**WHAT IS NEEDED**.
Retype all of the listing exactly, passing over any picture you find.
=-=-=
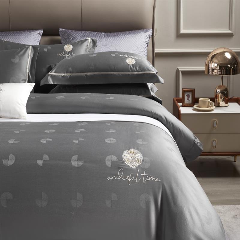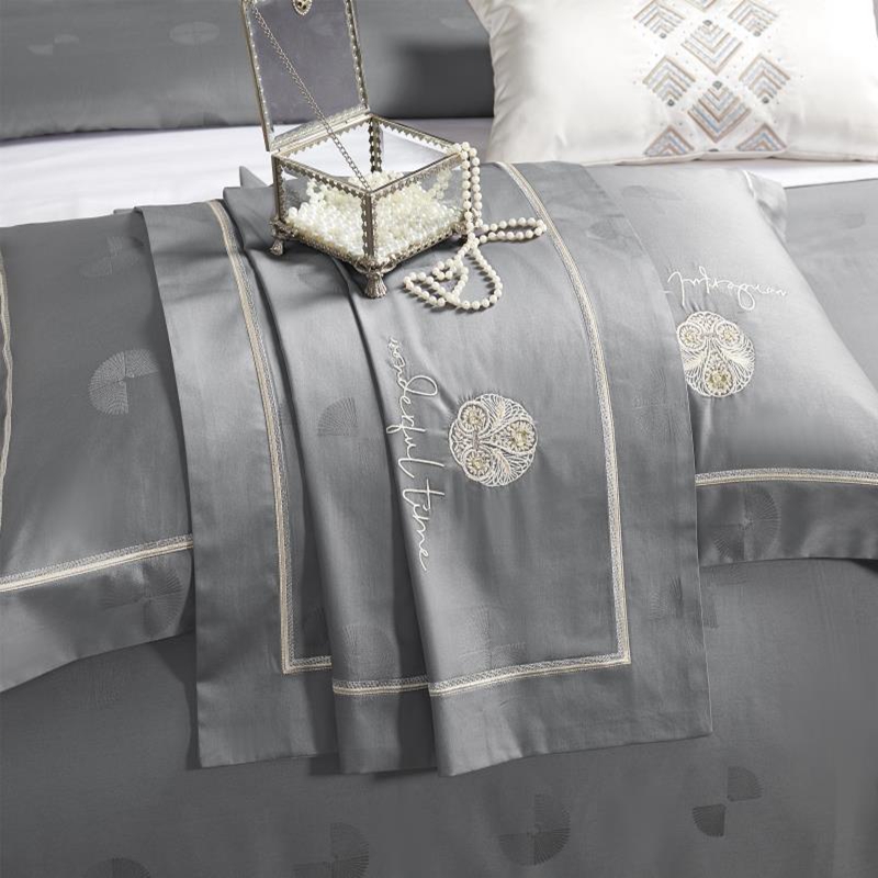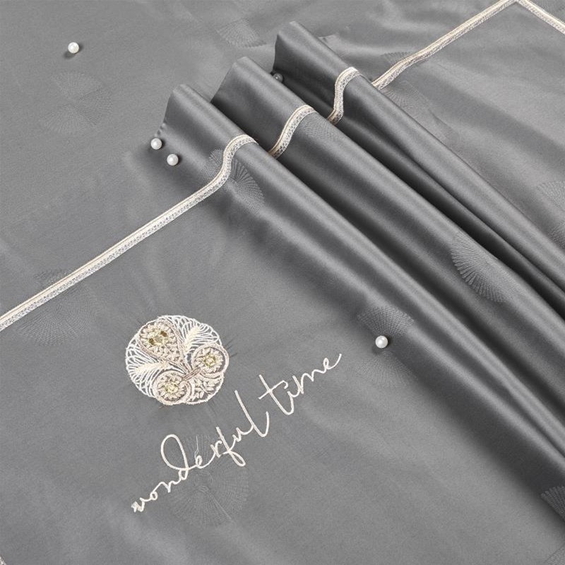 总玖玖爱家纺 纯棉100支贡缎长绒棉刺绣被套三件套四件套加大四件套,白色,高级灰,卡其,蓝灰,绿色,浅桔,深蓝,紫豆沙
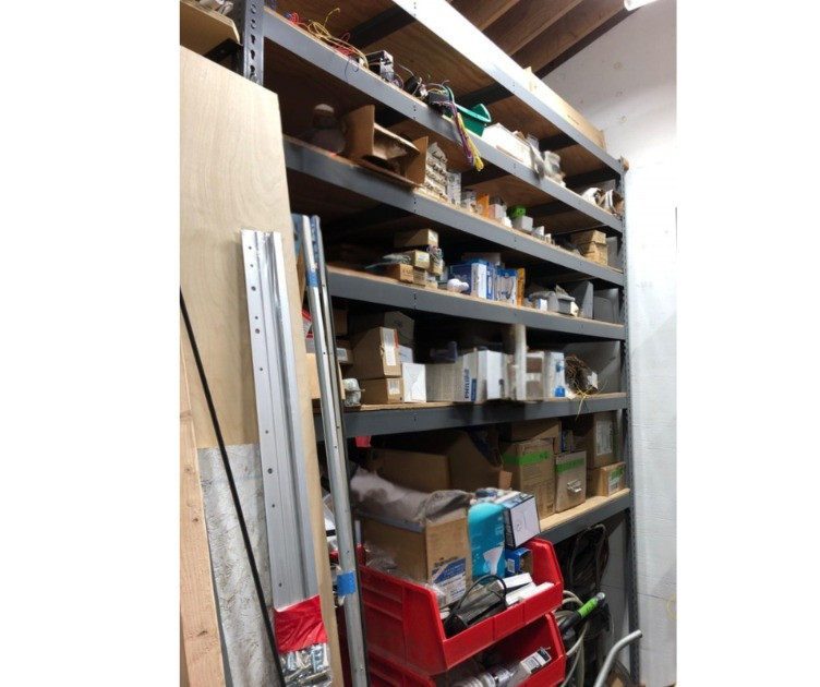 Contractor‑grade industrial shelving unit with 6 shelves. Provides ample storage for tools, hardware, and supplies. Does not include any items on shelves. Organization unit only. Special Note: Unit appears to be assembled with interlocking rails and supports. Metal rails and removable wood shelves. Buyer disassembles unit or brings vehicle that can transport unit as is (see dimensions). Located at parking lot level and at back of shop structure. Preference is for buyer to arrange for pickup late on last day of pickups.
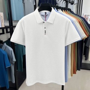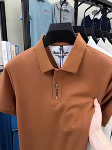 2025 夏中年男性の純綿刺繍ポロシャツビジネスカジュアル半袖ファッションラペルトップ Tシャツトレンド
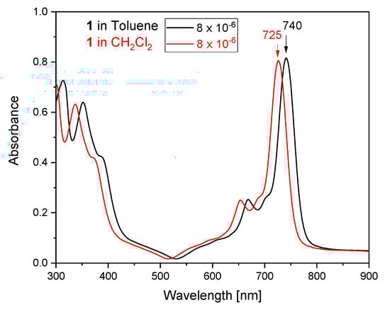To characterize the optical properties of the obtained antimony(III) phthalocyanine complex, [(SbPc)4(Sb6I16Br6)], the absorption UV–Vis electronic spectra were made in CH2Cl2 and toluene solutions (Figure 6). The ground state electronic absorption spectra of [(SbPc)4(Sb6I16Br6)] in CH2Cl2 and in toluene solutions show relatively sharp Q bands typical of unaggregated MPc complexes, as has been reported before for other antimony(III)–phthalocyanine derivatives [94,95]. The Q band in the spectrum of the [(SbPc)4(Sb6I16Br6)] complex in both solutions is broadened, and the half-width of this band is almost twice as wide as compared to the spectra of normal/flat M(II) Pc complexes [96,97,98], since the Sb(III) is larger than the equilibrium cavity size of the ring and cannot be accommodated without ring expansion; thus, the metal protrudes out of the cavity, forming a non-planar Sb(III) phthalocyanine complex. Thus, the symmetry of the (SbPc)+ complex unit in solution becomes D4v symmetry that is lower than D4h as for normal/planar MPc complexes in solutions [99]. Lowering of the symmetry of the (SbPc)+ allows for some so far forbidden transitions, and consequently, spectral splitting as well as a broadening is observed. The Q-band, an electronic transition from HOMO to LUMO of the phthalocyanine ligand in character, in the spectrum of the SbPc complex 1 in the CH2Cl2 solution is observed at ~725 nm (logε = 5.33), and the Q band in the spectrum in toluene solution is red shifted to ~740 nm (logε = 5.35), whereas for normal, planar and with D4h symmetry of metal(II) phthalocyanines, the Q band is observed at almost the same wavelength (~670 nm) [100].
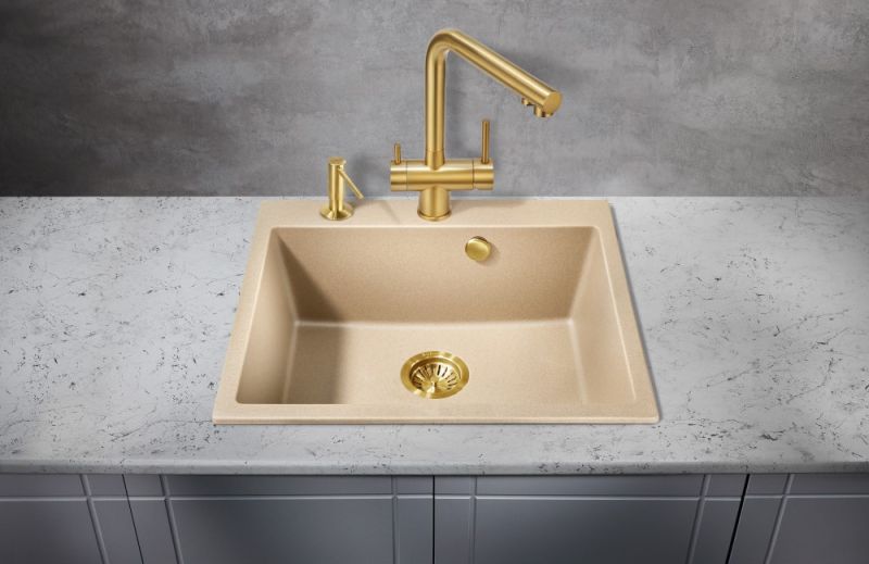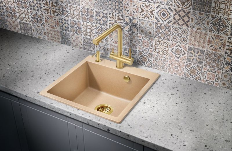 Модель выполнена в благородном цвете брашированного ( матового ) золота, которое достигается путём нанесения PVD, благодаря чему станет яркой, привлекающей внимание деталью на кухне и никого не оставит равнодушным.
=-=-=
**EXERCISE RESPONSE**.
 总玖玖爱家纺 纯棉100支贡缎长绒棉刺绣被套三件套四件套加大四件套,白色,高级灰,卡其,蓝灰,绿色,浅桔,深蓝,紫豆沙
 Contractor‑grade industrial shelving unit with 6 shelves. Provides ample storage for tools, hardware, and supplies. Does not include any items on shelves. Organization unit only. Special Note: Unit appears to be assembled with interlocking rails and supports. Metal rails and removable wood shelves. Buyer disassembles unit or brings vehicle that can transport unit as is (see dimensions). Located at parking lot level and at back of shop structure. Preference is for buyer to arrange for pickup late on last day of pickups.
 2025 夏中年男性の純綿刺繍ポロシャツビジネスカジュアル半袖ファッションラペルトップ Tシャツトレンド
To characterize the optical properties of the obtained antimony(III) phthalocyanine complex, [(SbPc)4(Sb6I16Br6)], the absorption UV–Vis electronic spectra were made in CH2Cl2 and toluene solutions (Figure 6). The ground state electronic absorption spectra of [(SbPc)4(Sb6I16Br6)] in CH2Cl2 and in toluene solutions show relatively sharp Q bands typical of unaggregated MPc complexes, as has been reported before for other antimony(III)–phthalocyanine derivatives [94,95]. The Q band in the spectrum of the [(SbPc)4(Sb6I16Br6)] complex in both solutions is broadened, and the half-width of this band is almost twice as wide as compared to the spectra of normal/flat M(II) Pc complexes [96,97,98], since the Sb(III) is larger than the equilibrium cavity size of the ring and cannot be accommodated without ring expansion; thus, the metal protrudes out of the cavity, forming a non-planar Sb(III) phthalocyanine complex. Thus, the symmetry of the (SbPc)+ complex unit in solution becomes D4v symmetry that is lower than D4h as for normal/planar MPc complexes in solutions [99]. Lowering of the symmetry of the (SbPc)+ allows for some so far forbidden transitions, and consequently, spectral splitting as well as a broadening is observed. The Q-band, an electronic transition from HOMO to LUMO of the phthalocyanine ligand in character, in the spectrum of the SbPc complex 1 in the CH2Cl2 solution is observed at ~725 nm (logε = 5.33), and the Q band in the spectrum in toluene solution is red shifted to ~740 nm (logε = 5.35), whereas for normal, planar and with D4h symmetry of metal(II) phthalocyanines, the Q band is observed at almost the same wavelength (~670 nm) [100].
 Модель выполнена в благородном цвете брашированного ( матового ) золота, которое достигается путём нанесения PVD, благодаря чему станет яркой, привлекающей внимание деталью на кухне и никого не оставит равнодушным.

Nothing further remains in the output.